Dans un discours prononcé mardi, le Premier ministre Abiy Ahmed a déclaré que les Tigréens devaient réfléchir à qui ils ont choisi comme dirigeants.
« S’ils applaudissent après notre départ – alors que nous étions ceux qui leur donnaient du blé – ils ont besoin d’un temps de silence », a-t-il déclaré.
‘ACTE DE GUERRE’
Les Nations Unies ont déclaré début juin qu’au moins 350 000 personnes dans le Tigré étaient confrontées à la famine. L’Agence américaine pour le développement international a estimé la semaine dernière le nombre à 900 000.
Le TPLF a dominé le gouvernement central pendant des décennies avant qu’Abiy n’arrive au pouvoir en 2018. Son gouvernement se bat contre le TPLF depuis la fin de l’année dernière, lorsqu’il a accusé le TPLF d’avoir attaqué des bases militaires au Tigré. Des milliers ont été tués.
Le porte-parole du TPLF, Getachew Reda, a déclaré à plusieurs reprises à Oxtero cette semaine que le groupe condamnait la fermeture des services par le gouvernement comme un acte de guerre continu.
Il a accusé l’armée et les forces régionales d’Amhara d’avoir détruit jeudi l’un des trois ponts sur la rivière Tekeze.

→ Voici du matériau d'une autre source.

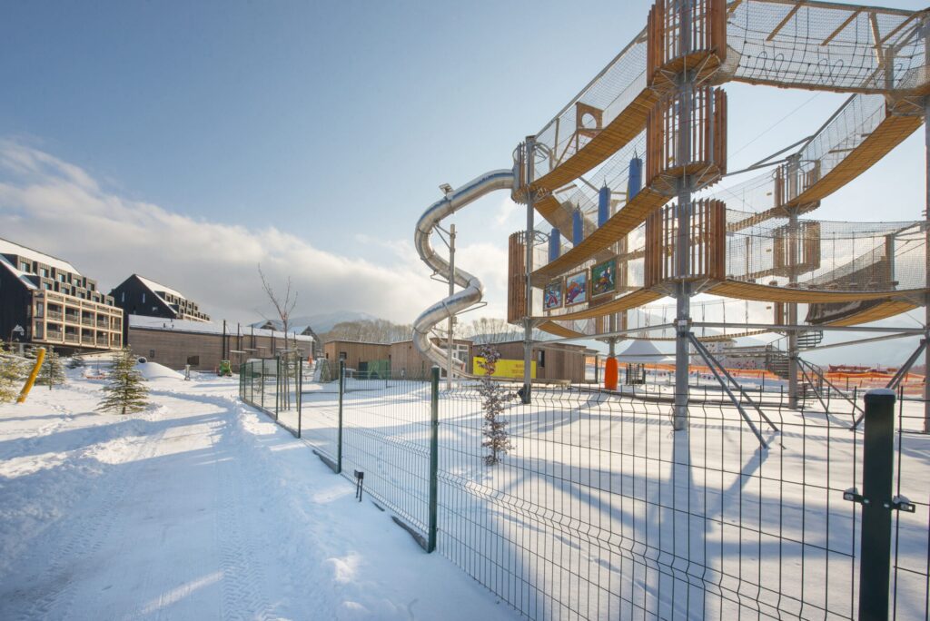 FUN Center a Kids Zone vedľa terasy Pinusu. Preliezačky a šmýkačky s mäkkou dopadovou plochou aj detské autíčka.

Il a déclaré que les forces avaient également endommagé les deux autres ponts, qualifiant la destruction d’« effort délibéré » pour s’assurer que l’aide n’atteigne pas les habitants du Tigré.
Les commentaires de Demeke niant que le gouvernement bloquait l’aide « contredisent totalement la réalité sur le terrain », a déclaré Getachew, alléguant que le gouvernement avait systématiquement détruit les infrastructures, y compris les outils agricoles nécessaires à la saison des plantations.
Le PAM a également sonné l’alarme sur la destruction jeudi d’un pont sur la Tekeze, affirmant que même avant cela, l’agence disposait de nourriture destinée aux personnes en situation de famine qui était bloquée.
Une fois le pont terminé, un responsable du PAM a déclaré vendredi aux journalistes à Genève : « Nous avons actuellement une route possible vers le Tigré qui est beaucoup plus longue et prendra beaucoup plus de temps pour atteindre les zones durement touchées du Tigré ».
Le PAM a repris ses livraisons dans le Tigré, mais fait face à des problèmes d’accès persistants et est « très en retard » dans l’approvisionnement des personnes menacées de famine, a déclaré son coordinateur d’urgence, Tommy Thompson.
S’exprimant par téléphone satellite depuis Mekelle, il a déclaré que les combats se poursuivaient dans certaines « zones chaudes » et que ses 35 membres du personnel avaient été « piégés » pendant les hostilités.
« Le PAM n’a suspendu ses opérations que pendant environ 48 heures et nous avons commencé à opérer dans le nord-ouest assez rapidement par la suite, parvenant à atteindre probablement d’ici la fin de ce week-end probablement environ 40 000 personnes », a-t-il déclaré lors d’un briefing à Genève.
Mais Thompson a déclaré qu’il était « prudemment optimiste » qu’un pont aérien pourrait être mis en place dans les prochains jours pour accélérer la livraison de l’aide.
Le responsable gouvernemental Redwan Hussein a déclaré aux journalistes que l’espace aérien serait ouvert « au cas où des avions de l’ONU auraient besoin de transporter de l’aide ».
Mais il a ajouté qu’une fois les avions atterris au Tigré : « Pour tout ce qui se passe au sol, le gouvernement n’assumera aucune responsabilité car cette chance est désormais fermée ».